Automobilfabriken Aamodt & Fiske
- Formerly: Automobilfabrikken; Automobilfabrikken Fiske
- Company type: Aksjeselskap
- Industry: Automotive
- Founded: 1923
- Founder: Ivar Fiske
- Defunct: 1972
- Fate: Closed
- Headquarters: Oslo, Norway
- Products: Vehicle bodies, hydraulic tippers, tankers

= Automobilfabriken Aamodt & Fiske =

Former Norwegian vehicle-body manufacturer

Automobilfabriken Aamodt & Fiske was a company in Oslo that produced vehicle bodies, hydraulic tippers, tankers, and other equipment. It was founded as Automobilfabrikken in 1923 by the engineer Ivar Fiske and was closed in 1972.

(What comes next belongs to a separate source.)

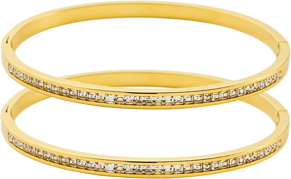أساور ذهبية للنساء: أساور Vessantara الذهبية القابلة للتكديس مصنوعة من الفولاذ المقاوم للصدأ عالي الجودة مع لمسة نهائية مطلية بالذهب عيار 14 قيراط. إنها قوية ومتينة ولها ملاءمة مثالية. هذه الأساور للفتيات غير مسببة للحساسية ولن تسبب تهيج الجلد. لقد تم تصميمها بحيث لا تبهت أو تفقد لمعانها أبدًا، مما يضمن بقاء لون معصمك كما هو.

The company built vehicle bodies for trucks and vans as well as hydraulic tippers and tankers. Fiske developed a hydraulic tipping mechanism for trucks, the Fiske tipper, which sold well, and the factory also received large orders for tankers from customers such as BP. The engineer Arthur Aamodt joined the firm in 1928, and in 1939 the name was changed from Automobilfabrikken to Automobilfabrikken Aamodt & Fiske.

After Aamodt's death in 1954, Ivar Fiske became sole owner, later joined by his son Svein Fiske. On the founder's death in 1967 the company was renamed Automobilfabrikken Fiske A/S. As competition in the tanker market grew and margins shrank, Svein Fiske ran the firm until it was closed in 1972.